Thanks again for the great work!

eric-czech commented 5 years ago

That all makes sense on OMIP-021, will do. My overall plan for the chapter is:

screen shot 2018-11-19 at 2 20 05 pm screen shot 2018-11-21 at 9 32 24 pm

That last graphic is interesting because it shows the original gating results (i.e. manually assigned cell types) as the colors of the pie slices mapped to the unsupervised clustering represented as the minimum spanning tree over the SOM nodes as well as a "meta" clustering of those nodes (the semi-transparent "halos") that shows what you would have to study individually to come up with cell types associated with the clusters -- so it is good in this case that the halo colors line up with the pie color clusters. And where the clusters don't align as well, the UMAP separation for those cells isn't great either so I thought it would be a good way to give a sense for which T cell types aren't differentiated well by this panel.

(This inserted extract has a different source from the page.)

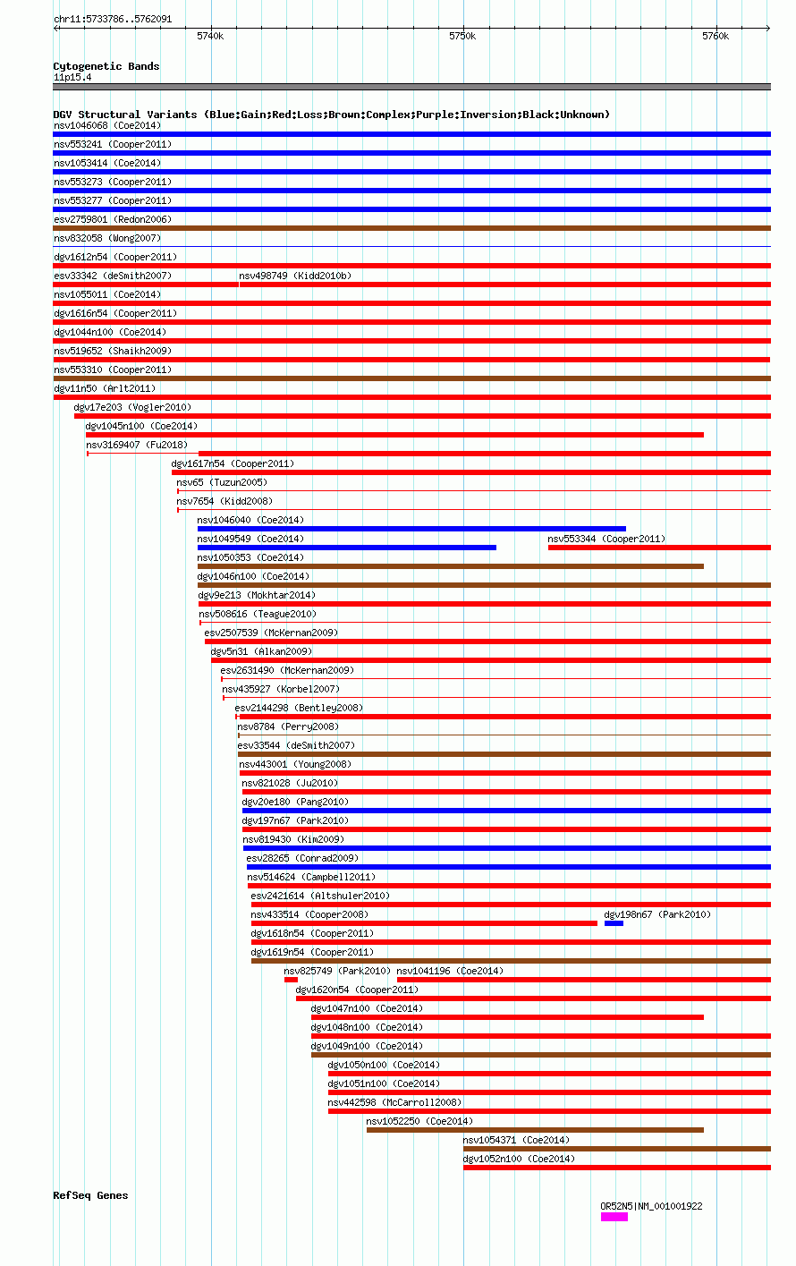 Variant DetailsVariant: nsv553309| Internal ID | 16340718 | | Landmark | | | Location Information | | | Cytoband | 11p15.4 | | Allele length | | Assembly | Allele length | | hg38 | 28306 | | hg19 | 28306 | | hg18 | 28306 |
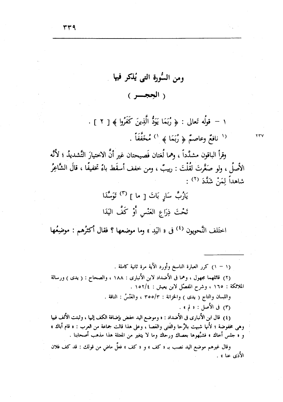 (¬٤) قال ابن الأنبارى فى الأضداد: «وموضع اليد خفض بإضافة الكف إليها، وثبتت الألف فيها وهى مخفوضة؛ لأنها شبهت بالرّحا والفتى والعصا، وعلى هذا قالت جماعة من العرب: «قام أباك» و «جلس أخاك» فشبّهوها بعصاك ورحاك وما لا يتغير من المعتلة هذا مذهب أصحابنا.

Anyways, I'm working on cleaning up the code for the above and will get a PR in soon but stop me if you don't think that would be a good way to round out the chapter.

hammer commented 5 years ago

@eric-czech found some highly relevant data from Standardizing Flow Cytometry Immunophenotyping Analysis from the Human ImmunoPhenotyping Consortium (2016). You need to sign up for an account on ImmuneSpace then check out the Lyoplate Study. From there you can link to the FCS files. I think they also have the R scripts they used to do the automatic gating too...

hammer commented 5 years ago

Ah Guidelines for the use of flow cytometry and cell sorting in immunological studies (2017) also looks useful.

eric-czech commented 5 years ago

FYI re: Exploring FlowRepository -- I was tired of trying to find relevant datasets with google and/or their search functions so I scraped the FCS header and text segments from all of their datasets and dumped the related data and code into this flowrepository-metadata-db repo.

The main purpose was to get a table like this for each FCS file they make available (or at least up to some limit for one dataset) where this also reflects an effort to normalize the parameter names:

param_name param_channel param_resolved filename exp_id
NA FSC-A FSC-A Compensation Controls_APC Stained Control.fcs FR-FCM-ZZ5C
CCR6 Pr141Di CD196 266_Tcell_tumor_Tcells-cd3.fcs FR-FCM-ZY9M
Time Time Time 4_C01.fcs FR-FCM-ZYGV
CD8 QD585 V585-A CD8 NV01 612 P2a…Live.fcs FR-FCM-ZZFV
NA Blue Vid-A Blue Vid-A BEADS_A700_G09.fcs FR-FCM-ZZ2V
CXCR5 Er166Di CD185 LKH DMSO_4w_cct.fcs FR-FCM-ZZTJ

I thought this would be helpful for doing more in-depth queries across their datasets and I found some useful CyTOF datasets this way.